In the page where you have the feed link you could display the link only for the authorized users.

FraM
 
zerovapor
Posted: 28 April 2012 05:12 PM   [ Ignore ]   [ # 2 ]   [ Rating: 0 ]
Joined: 2011-07-13
13 posts

That could have been one issue but its still not stopping users whom loggin via http access from seeing the private rss feed IE

user:: temp
group:: member

template podcast/private
access no to all except subscription users

user temp is still allowed to view this feed even though this user doesnt have the proper group id.
 
fram
Posted: 28 April 2012 05:54 PM   [ Ignore ]   [ # 3 ]   [ Rating: 0 ]
Joined: 2011-10-27
8 posts

I tried a configuration similar to yours and it’s working as it should on my 2.4 installation with the patch mentioned in your post.
If I use the authentication credentials of a user belonging to an unauthorized group the browser prompts the authentication dialog again.

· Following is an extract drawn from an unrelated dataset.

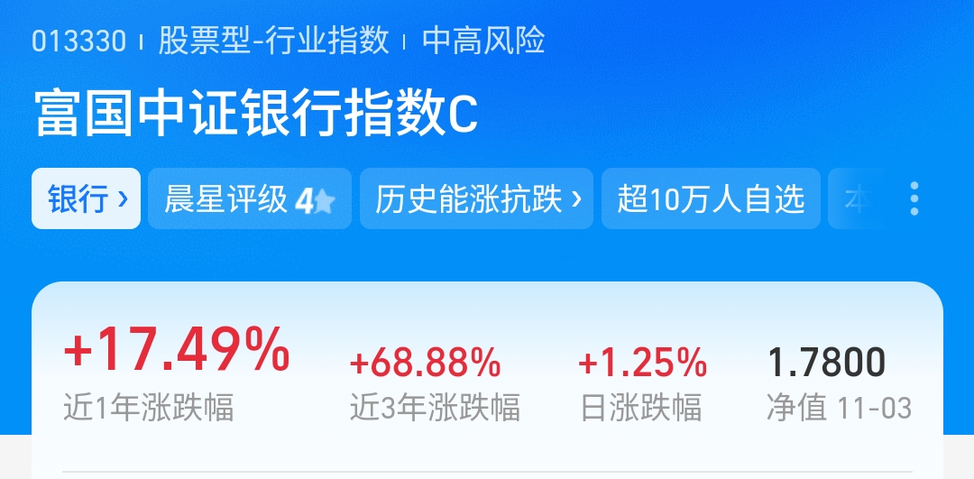 $富国中证银行指数(LOF)C$ ,直接逆市上涨,近一年都涨了17.49%,在弱行情里堪称“避风港”。
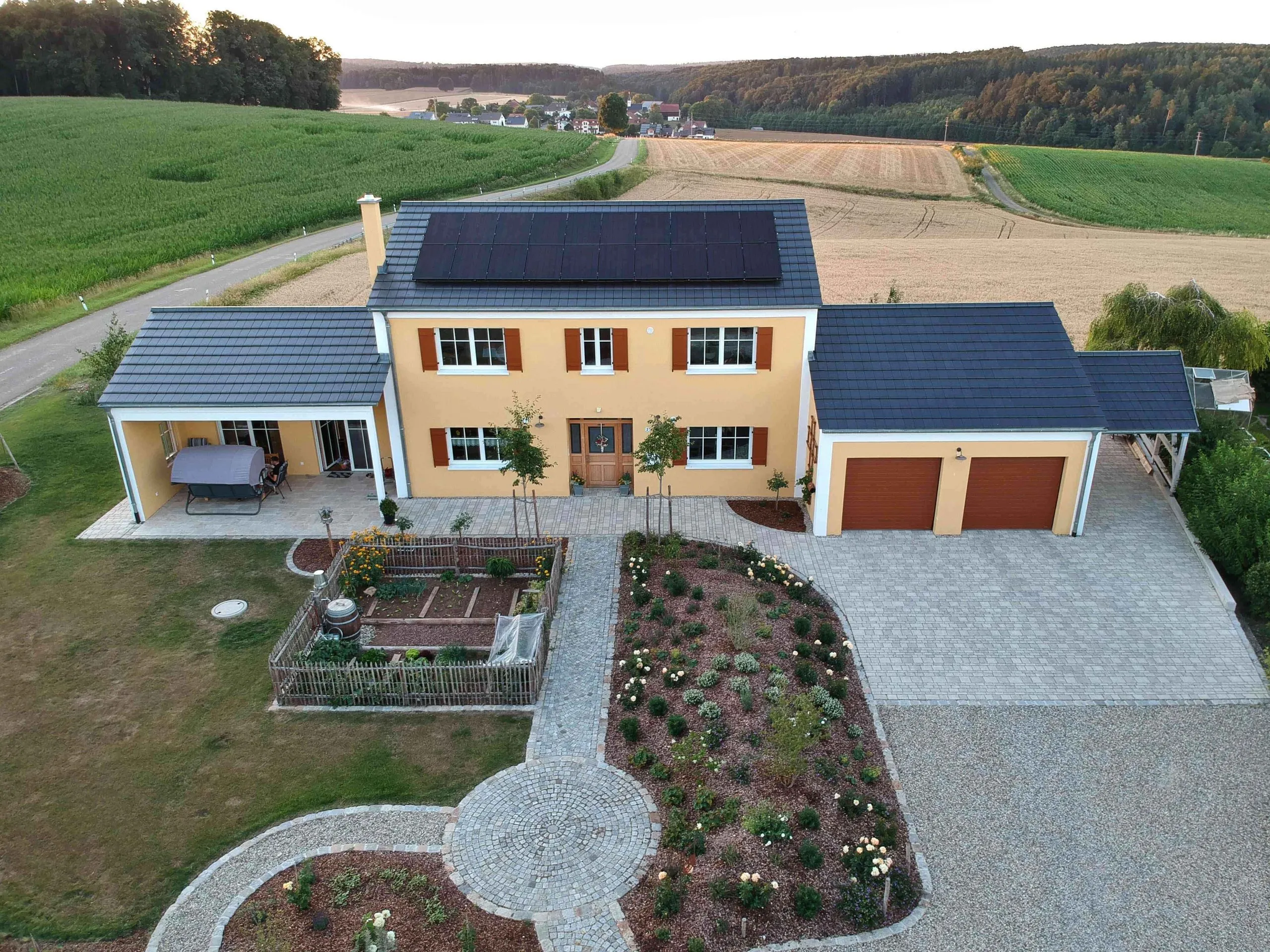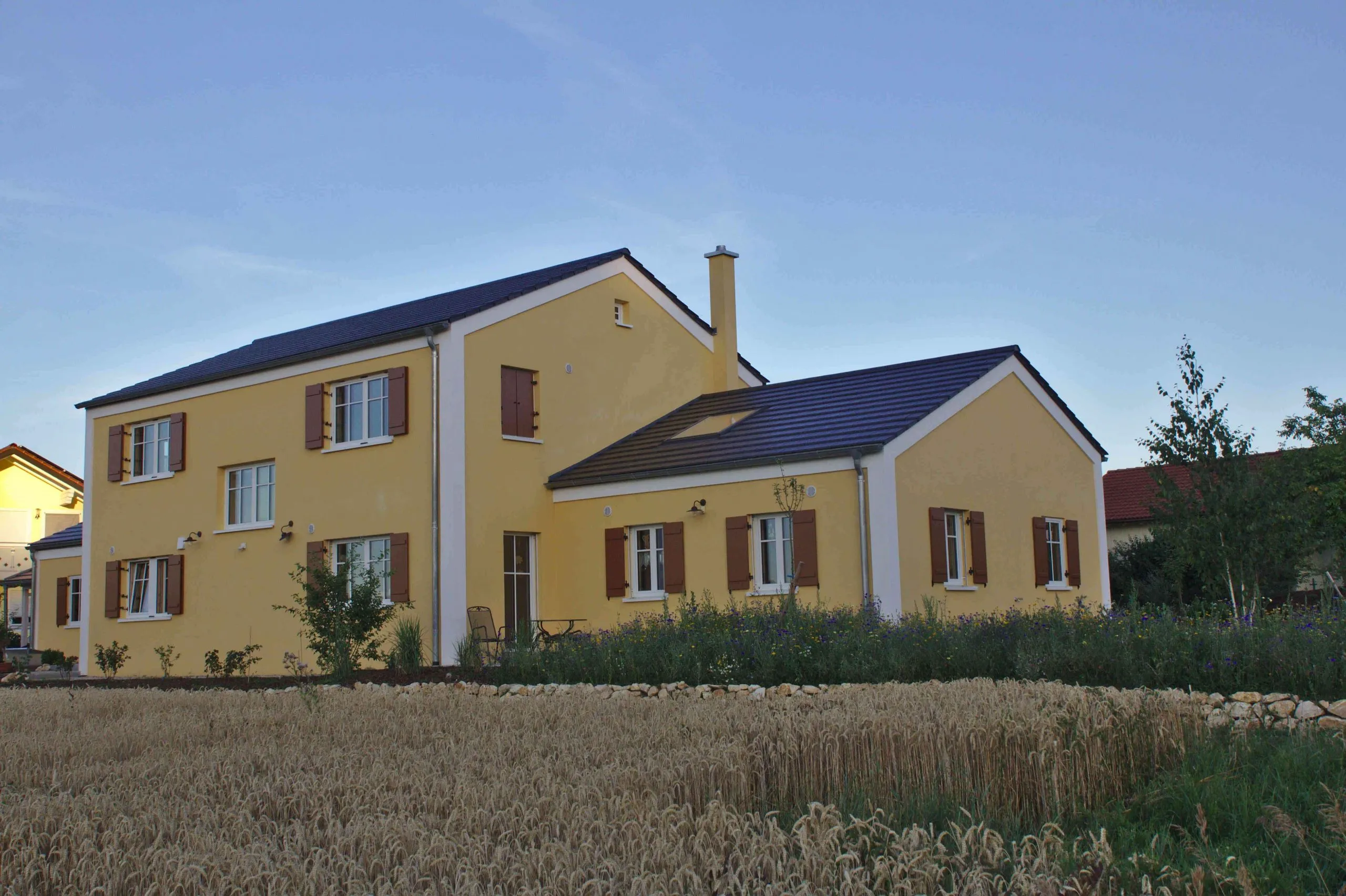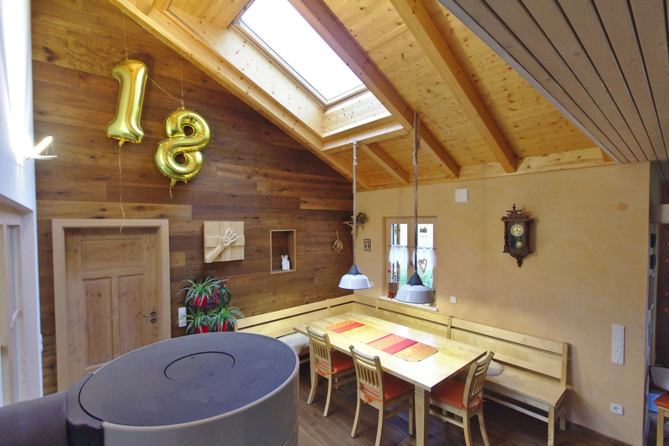 Jura-Landhaus-Stil mit Fensterläden (mit Kurbeln) und einer mit Eichendielen verkleideten Esszimmerwand.

Please check your configuration and make sure that you restart your browser when you want to test a different user.

FraM
 
zerovapor
Posted: 29 April 2012 01:25 AM   [ Ignore ]   [ # 4 ]   [ Rating: 0 ]
Joined: 2011-07-13
13 posts

Odd I tried on my local machine and it works fine. Tried on production and it fails.  Using rackspace cloud for hosting. Any ideas? I have a dedicated server if i need to move it off of rackspace.
 
Dan Decker
Posted: 30 April 2012 01:01 PM   [ Ignore ]   [ # 5 ]   [ Rating: 0 ]
Avatar
Joined: 2005-10-18
7340 posts

Hi zerovapor,

What version of ExpressionEngine are you using? There are some bugs in template restrictions when it comes to the last couple of versions.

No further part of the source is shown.